In arid Wyoming, water tends to be somewhat scarce and therefore a valuable and controversial
commodity. Proposed projects must receive broad support if they are to be funded and
implemented. Since the foundation of Wyoming water law is the doctrine of prior
appropriation, junior rights have no right until senior rights are satisfied. This means that the
first water management issue to be resolved is whether or not there is adequate water available
for junior uses under a worst case scenario. If it is thought likely that in dry years the water
supply could be inadequate, then consideration needs to be given to the possibility of building
storage facilities. As a project study proceeds, legal, institutional and economic issues are
identified. An important factor may be whether or not additional benefits, such as
environmental or recreational opportunities, are there to strengthen the project. The evaluation
completed, the overall economic feasibility of a proposed project can be assessed.
Endnotes
1 These terms, drawn originally from welfare economics, are used to assign economic valuation to intangible goods. A person may derive personal satisfaction (an intangible good) from the awareness that an endangered species is being protected, for example. Contingent valuation is an attempt to quantify such intangibles by using surveys asking people how much it is worth to them to know, for example, that wolves run free, or sturgeon still exist, or forests are not being logged. The only “use” most individuals can make of phenomena such as these examples is passive.

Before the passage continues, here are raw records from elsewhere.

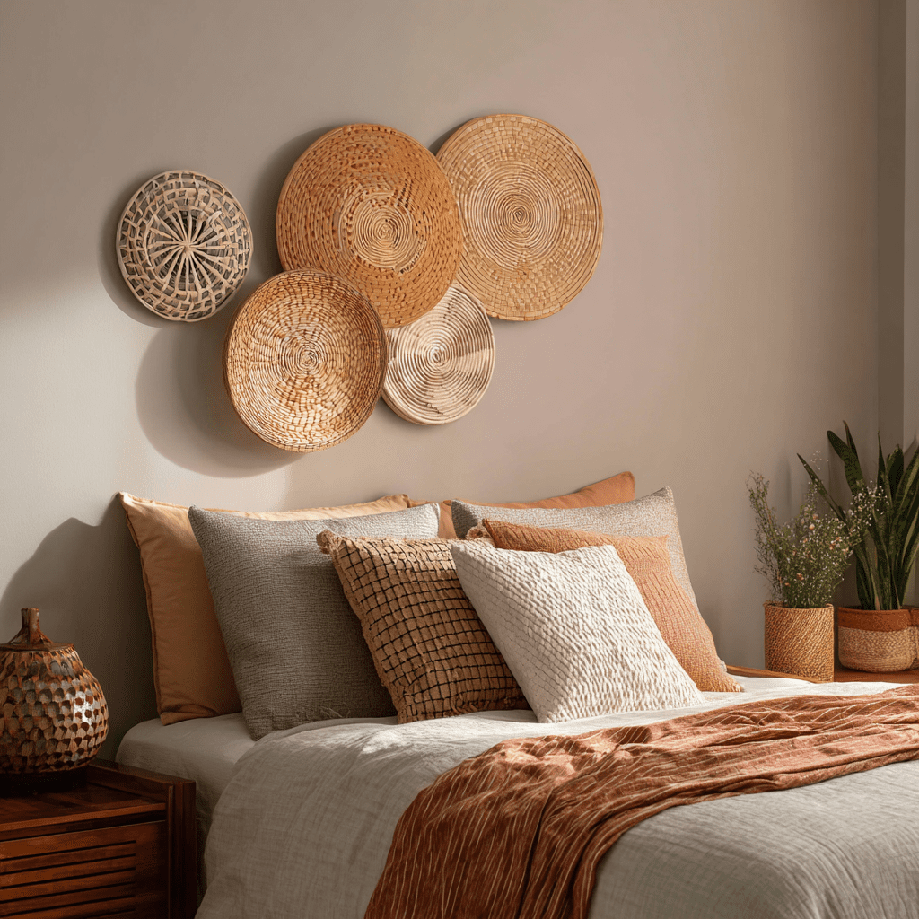 Boho style uses gentle textures, curved lines, and natural tones to create a relaxed look. Soft wall pieces bring that feeling into the bedroom. This idea matches boho wall decor ideas for bedrooms, giving your room a slow, warm, and peaceful mood.
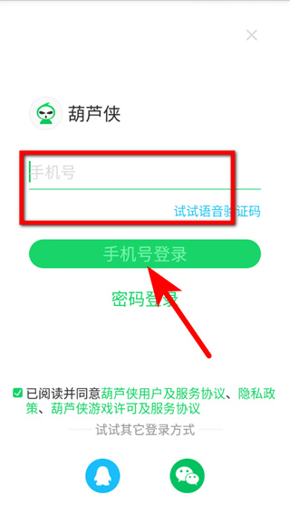 4、在勾選好同意按鈕時,可點擊上方輸入框,依次輸入手機號和密碼信息后即可完成登錄操作。
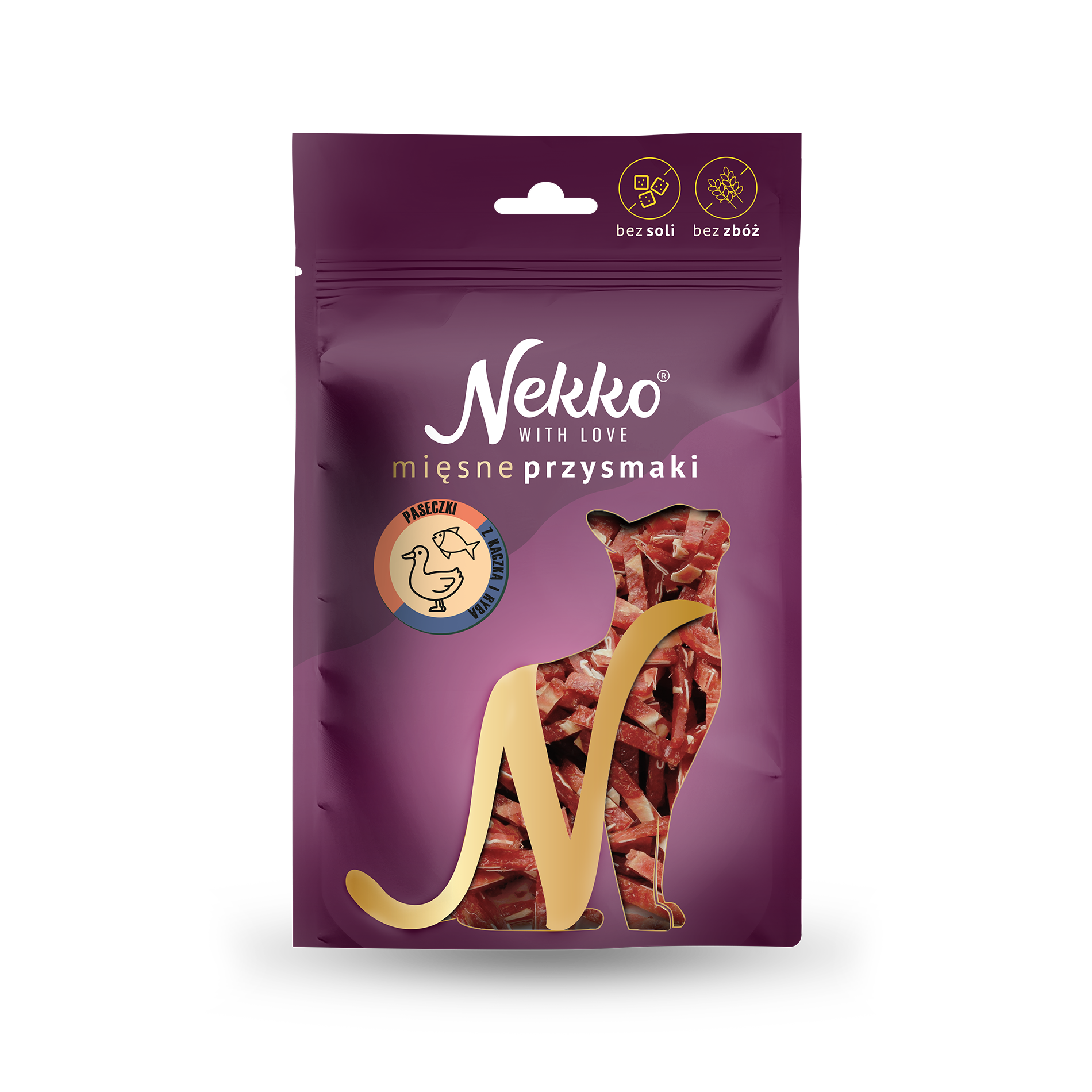 Paseczki kaczki z dorszem. Mieszanka paszowa uzupełniająca dla kotów.
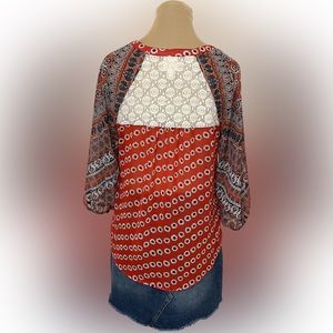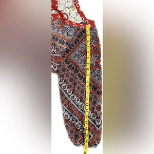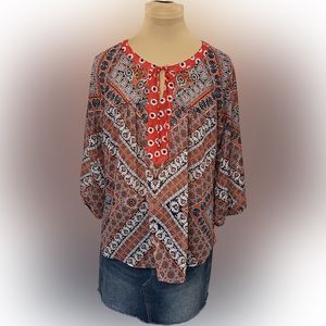 Features tie front, billowed sleeves and lace back. Paisley and floral print. Light weight and flowy! In excellent condition.
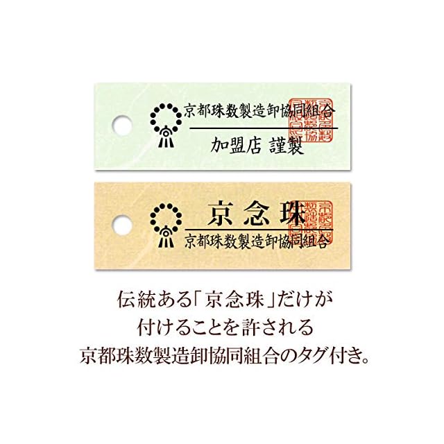 房は2色の紐を組み上げた、上品な正絹紐房を使用しております。伝統ある「京念珠」だけが付けることを許される京都珠数製造卸協同組合のタグ付き。京念珠製造師が匠の技で仕立てた逸品でございます。
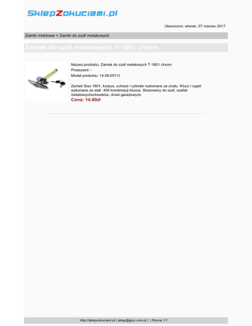 Utworzono: wtorek, 07 marzec 2017 Zamki meblowe > Zamki do szaf metalowych Zamek do szaf metalowych T-1801 chrom Nazwa produktu: Zamek do szaf metalowych T-1801 chrom Producent: Model produktu: 14.08.057-0 Zamek Siso 1801, korpus, uchwyt i cylinder wykonane ze znalu. Klucz i rygiel wykonane ze stali. 400 kombinacji klucza. Stosowany do szaf, szafek metalowychschowków, drzwi garażowych. Cena: 14.80zł http://sklepzokuciami.pl | [email protected] | | Strona 1/1
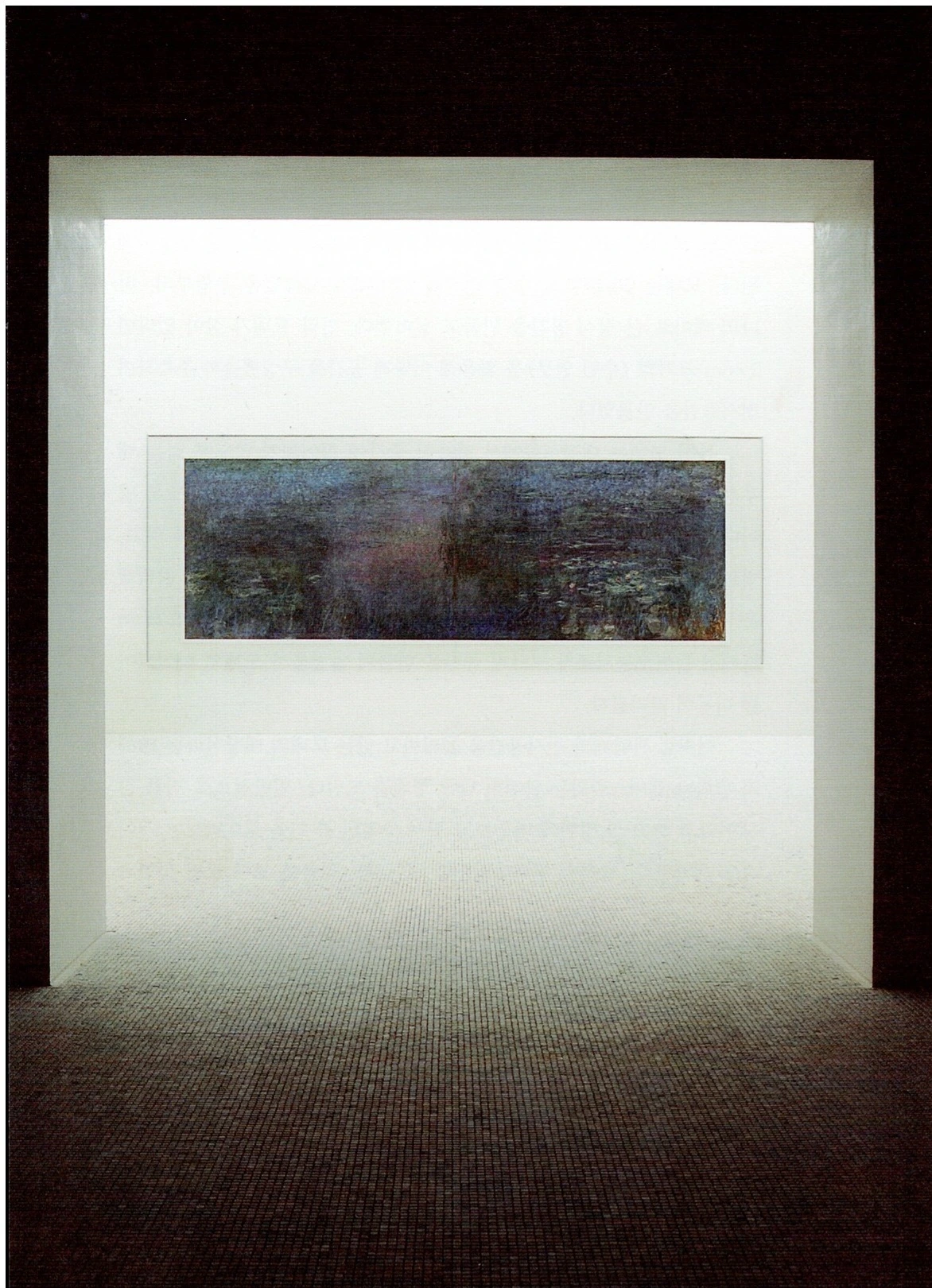 벽에 걸린 유화를 감상하기 위해 신발을 벗어야 한다는 사실이 의아하게 느껴질 수도 있겠으나 다섯 점의 수련 그림이 걸린 방으로 들어서는 순간 납득이 된다. 본당으로 가려면 여러 관문을 으레 거쳐야 하듯 이곳에서도 모네의 수련을 만나기 전, 아무것도 없는 어두운 공간을 통과한다.
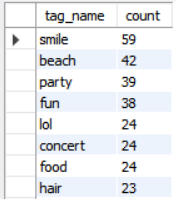 실습 5. 가장 많이 사용된 해시태그의 tag_name을 나타내고 해시태그가 몇개인지 조회하세요.
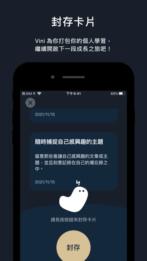 無論你已經達成目標、想要拆解目標、或是對成長項目有了階段性的理解,你都可以在任何時刻,封存與打包你的成長項目。Vini 在封存按鈕上施了一些魔法,現在就試著封存自己的第一張成長項目卡片吧!
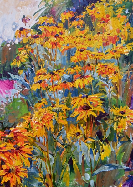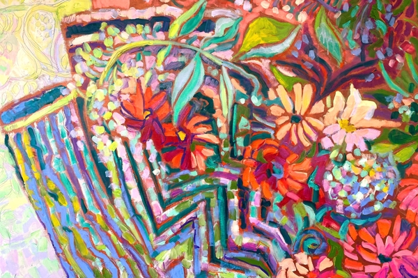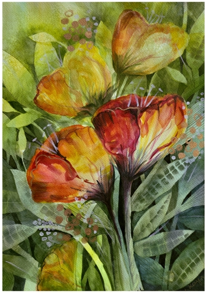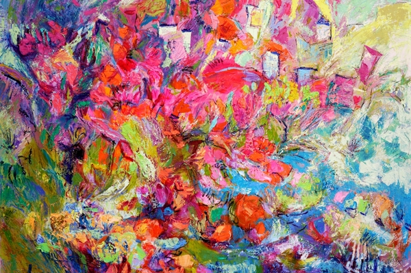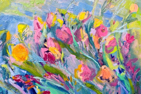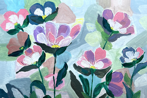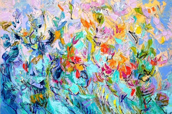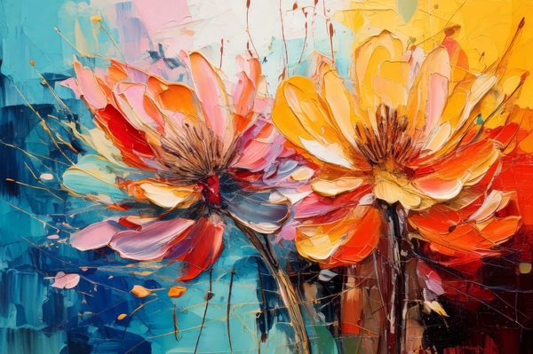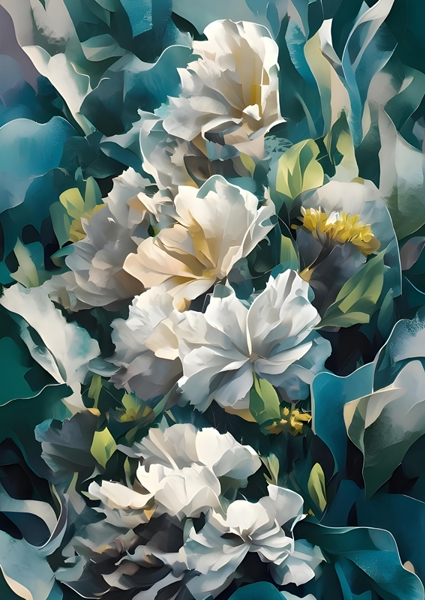 "This artwork captures the essence of spring through abstract floral forms, infused with warm hues and soft brushstrokes for a serene atmosphere. Its impressionistic style complements modern minimalistic interiors, enhancing spaces with a touch of nature's tranquility. Perfect for living rooms or art"
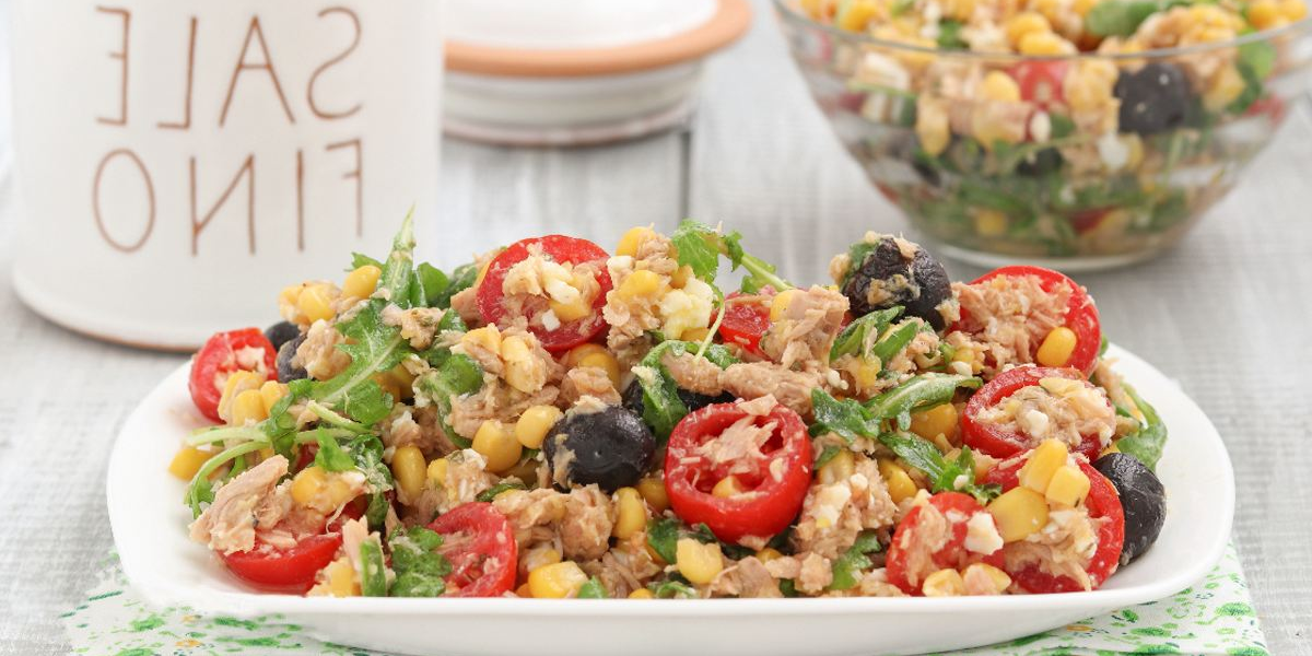 Aggiungete le uova sbriciolate, i pomodorini a fette, il mais ben sgocciolato, la rucola, il succo di un limone, l’olio d’oliva, l’origano, sale e pepe.
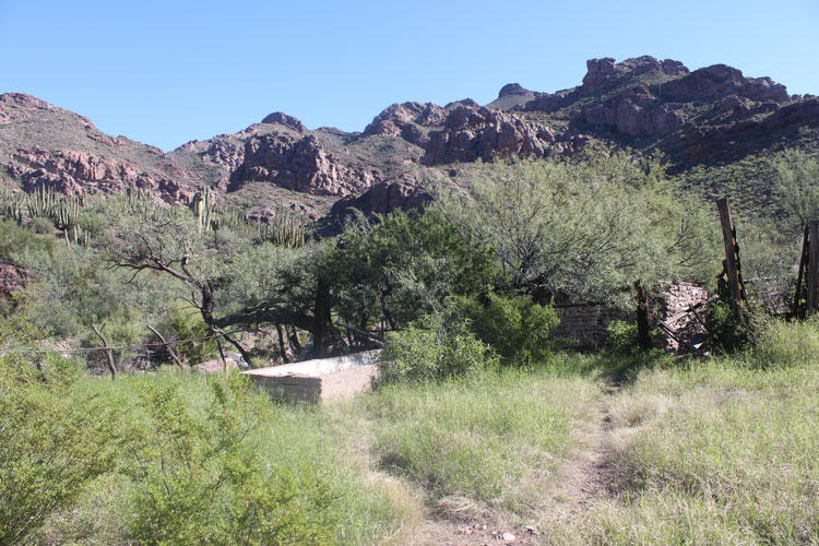 Upstream from the ruin of the old house are the remnants of a corral, water trough and a water tank.
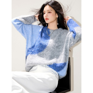 慵懒灰蓝色2025年秋季时尚百搭宽松套头圆领显瘦气质长袖毛衣上衣
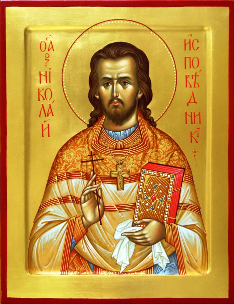 Рюриков Николай Владимирович родился 5.04.1884 г. в с. Оселки Макарьевского уезда Нижегородской губернии. После окончания в 1905 г. Нижегородской Духовной семинарии до 1910 г. нес послушание учителя и законоучителя в учебных заведениях Нижегородской губернии. 22.10.1910 г. рукоположен во священника с назначением в храм Макарьевского Желтоводского женского монастыря, 23.08.1911 г. переведен в Троицкий собор г. Горбатова Нижегородской губернии. В 1911-1917 г.г. — заведующий и законоучитель школ Нижегородской губернии. Награжден набедренником (9.05.1912 г.), скуфьей (5.04.1916 г.), медалями в память 25-летия церковно-приходских школ и к 300-летию дома Романовых. В советское время показал себя исповедником Православной веры, боролся с обновленчеством. 29.07.1927 г. арестован по обвинению в «контрреволюционной агитации». 4.11.1927 г. приговорен к 3 годам ссылки, которую отбывал в Восточной Сибири. В 1930-1934 г.г. находился на положении административного ссыльного, проживал в г. Козьмодемьянске. 7.04.1934 г назначен священником в церковь с. Владимирское Горномарийского района МАССР. Арестован 29.09.1937 г. 8.10.1937 г. приговорен к 10 годам заключения. Скончался 18.06.1943 г. в Локчимлаге Коми АССР и погребен на местном кладбище. Причислен к лику новомучеников и исповедников Российских указом священного Синода от 6.10.2006 г. Чин прославления святого прошел 19.10.2007 г. в Мироносицком монастыре с. Ежово. Память святого празднуется 18 (5) июня.
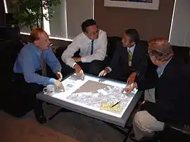 The DiamondTouch table is a front-projected interactive display that allows up to four users to sit face to face and work together on the same screen.[7] The DiamondTouch hardware enables a class of software known as "single-display groupware"[8] where collaborative work is supported by computer interfaces that allow participants to be physically close. While product literature[9] mentions consumer uses such as gaming,[10] customers of the DiamondTouch are using it for business and office applications.[11]
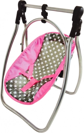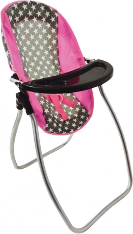 Ce set pratique combine deux jouets appréciés en un seul: en un instant, transformez la balançoire en chaise haute grâce à l’arceau supérieur amovible et à la tablette fournie. Le cadre métallique robuste, les connecteurs en plastique et la housse textile de qualité à motif étoiles garantissent sécurité et confort pour la poupée.
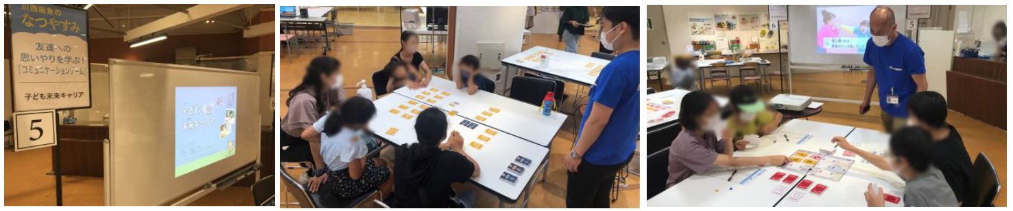 こうした状況を受け、川西阪急では、“体験”と“学び”をテーマとして取り上げたワークショップ「カードゲームで体験!子どもキャリア教育ワークショップ」を、2022年8月10日(水) 、11日(木・祝)に開催しました。ワークショップでは、キャリア教育用テーブルゲーム教材『子ども未来キャリア』を活用し、「思いやりを学ぶ コミュニケーション編」「キーワードを探せ!情報コントロール編」の2つのテーマを実施しました。
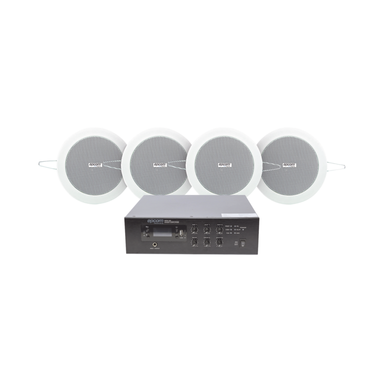 KIT de Amplificador de 120W para Escritorio | 4 Altavoces 6″ | Montaje en Techo | 20W | 70/100V
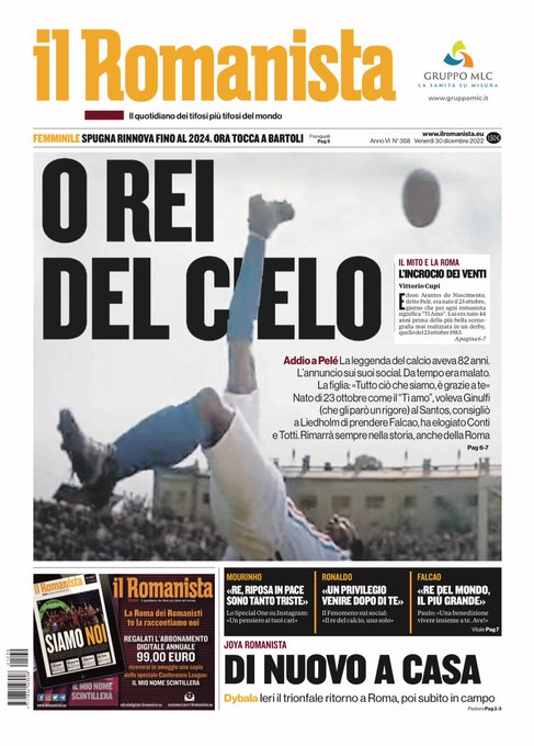 Federación Italiana de Fútbol (FIGC): “Es un dolor enorme. Hoy el fútbol llora a un grandísimo, porque Pelé era el fútbol. Gracias a él, fue el juego más amado y practicado en todo el mundo. Su clase iluminará por siempre nuestros ojos”.
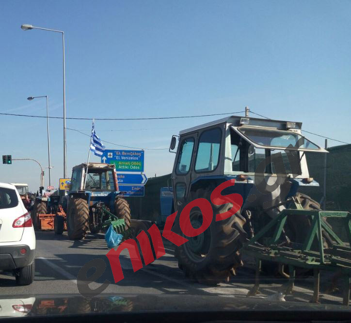 Παρατεταγμένα τρακτέρ στη διασταύρωση του Κορωπίου για αεροδρόμιο – ΦΩΤΟ
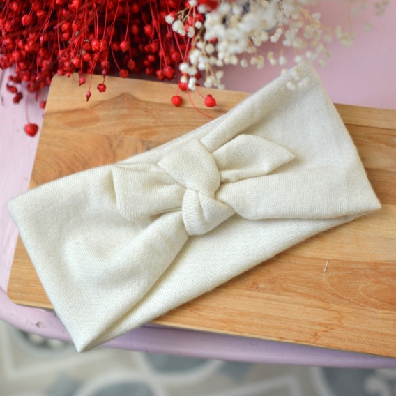Opaska śmietanka MERINO z kokardką upcykling cienka
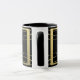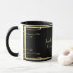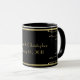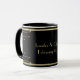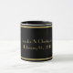 Esta caneca caracteriza um fundo preto, e seu texto (aqui, um nome dos casais e um casamento datam,) em um quadro do ouro com redemoinhos do ouro, com um olhar gravado.
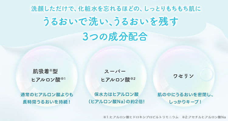 うるおい感と心地よい洗い上がりにこだわった洗顔料です。高い保水力で知られるヒアルロン酸の約2倍もの水分を抱えることができるスーパーヒアルロン酸(アセチルヒアルロン酸Na*)や、水で流した後も肌に吸着して残る肌吸着型ヒアルロン酸(ヒアルロン酸ヒドロキシプロピルトリモニウム*)、保湿力の高いワセリン*を配合。余分な皮脂や汚れをきちんと落として潤いを与え、洗うたび、パックしたようなしっとりなめらかな素肌へ導きます。W洗顔なしでメイクも落とせます。
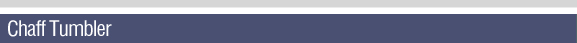 A tumbler constructed of perforated stainless steel and is designed to remove fines and chaff from the extruded product before frying. A removable crumb pan will be installed. The chaff tumbler comes complete with a stainless steel frame and a fixed speed drive.
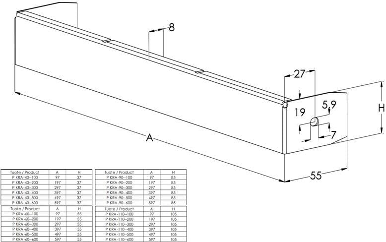 Levyhyllyn leveys - 400 mm

2 Freeman, A. Myrick, AWater Pollution Policy,@in Public Policies for Environmental Protection, Paul R. Portney, Ed. (Resources for the Future, Washington, D.C., 1991, p. 104.
3 For example, the WWDC has reported “. . . the federal permitting processing is more costly, time consuming and restrictive than it was in 1982. For example, in 1985 the federal 404 permit for the Sulphur Creek Dam was obtained in nine months at a cost of approximately $50,000. In 1996, after three and one-half years, we received [sic] the 404 Permit for the Buffalo Municipal Dam, a smaller and less complex project than the Sulphur Creek Dam. The actual costs related to permit acquisition were approximately $650,000. New federal requirements for wetlands mitigation, criteria involving purpose and need, and alternative analyses are the major reasons for the increased costs.” Wyoming Water Development Commission, “2002 Legislative Report, Situation Analysis”:
http://wwdc.state.wy.us/legreport/2002/situation.html
4Purcell, Mike, “Institutional Constraints,@ page 1: Technical Memorandum, Green River Basin Plan, Wyoming Water Development Commission, 2001.